The course is a highly-anticipated new one semester class being taught this year for the first time

Originally published November 9, 2021 By Cecile Turner, Features Editor


Ms. Lehni answering a student’s question in her first period class.

For the first year ever, Seattle Public School teachers are introducing and teaching Antiracism and Civic Engagement to students as a semester class at Ballard.

Laura Lehni, History, ASB and ELA teacher, has been the main teacher in charge of making this class possible for students this year.

“It is the first time this class has ever been taught,” Lehni said. “It’s a brand new course, and not only is it the first year we’re offering it at Ballard, but it’s the first time that a class like this has been made ever.”

Student and Teachers Against Racism, is a club of students and teachers, including Lehni and history teacher Taryn Coe, who helped write and organize the course proposal to introduce to the school this year.

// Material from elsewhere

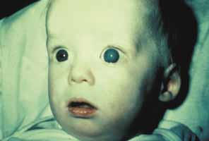 | Signs and symptoms of glaucoma in an infant differ from those of an older child or adult because of the elastic response of the infant eye to elevated intraocular pressure. Infants often present with epiphora, photophobia, and blepharospasm because of corneal stretching, ruptures of Descemet's membrane, and edema.10 The child may become irritable and so photophobic that he or she will bury his or her face to avoid light. Parents may notice haziness and enlargement of the eye and may initially consider the large eyes an attractive feature rather than a warning sign of glaucoma. |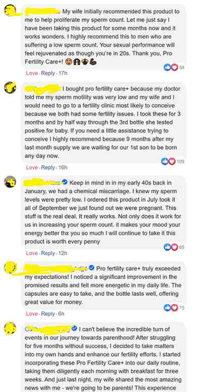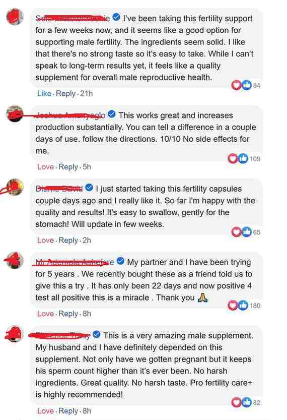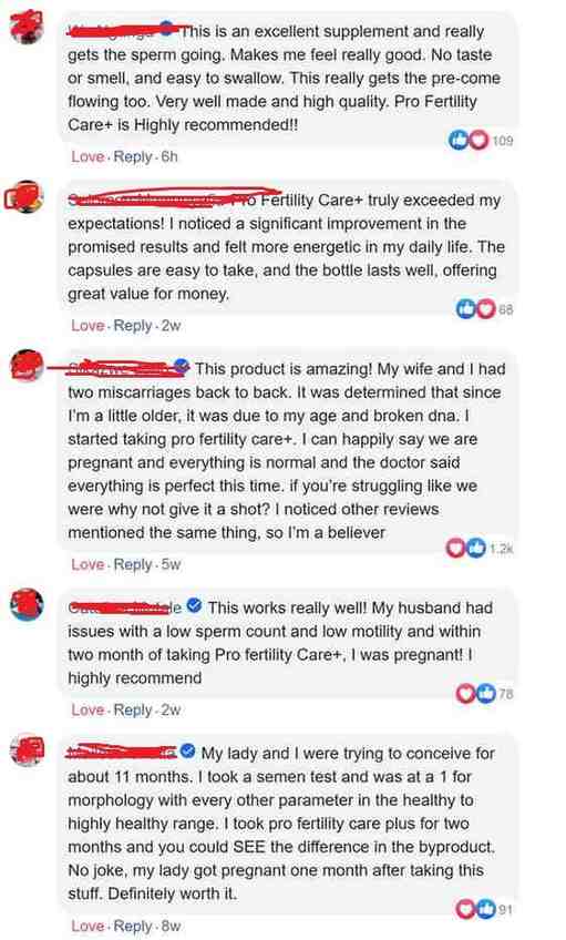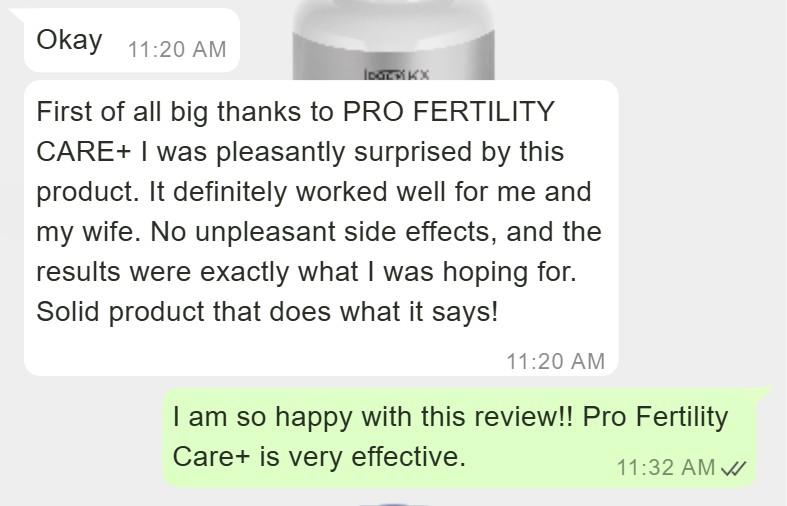 "My husband noticed a difference in his semen appearance... The volume was larger and quality was different he reported, since taking pro fertility care. We conceived after he was on it a few months and now he doesn't want to stop taking it because he also said it is doing something or improving his desire or performance or testosterone Interesting, but he seems to like it"

“Ms. Coe was the teacher who actually wrote the proposal for this new course,” Lehni said. “She wrote the guide and the syllabus.” 

After Coe wasn’t able to teach the class, Principal Wynkoop reached out to Lehni to ask her to teach the class because so many students had already signed up. Lehni agreed to take on the class on top of her ELA and ASB classes and will be teaching the class from now on.

“I love teaching history and I love teaching ethnic studies,” said Lehni. “I love teaching things that are student driven and student centered.”

Lehni aims to create a class where she isn’t the dominant voice. She sees this class as an opportunity to engage with a group of students over a new topic in a way that she wouldn’t be able to in another class.

STAR members, including Lehni, wanted to create a class that would dive deeper into instances of antiracism and civic engagement in order to educate students in a way that was different from a usual history class.

For students interested in signing up for this class, it is a semester class which will earn a joint history and elective credit.

Lehni encourages students to step out of their comfort zone and try this new class. Her goal with teaching the class is for students to develop an interest to continue doing antiracist research and work. She wants students to get used to discomfort and explore why certain topics are causing them discomfort. 

“You’re never done learning, there’s always work to do,” Lehni said. “I want the class to be engaging and for students to be doing, instead of reading and memorizing.”

This class is a safe space for students to talk about how they see white supremacy in their school and community. Lehni wants the class to be a place where students don’t just name the problems, but work to fix them.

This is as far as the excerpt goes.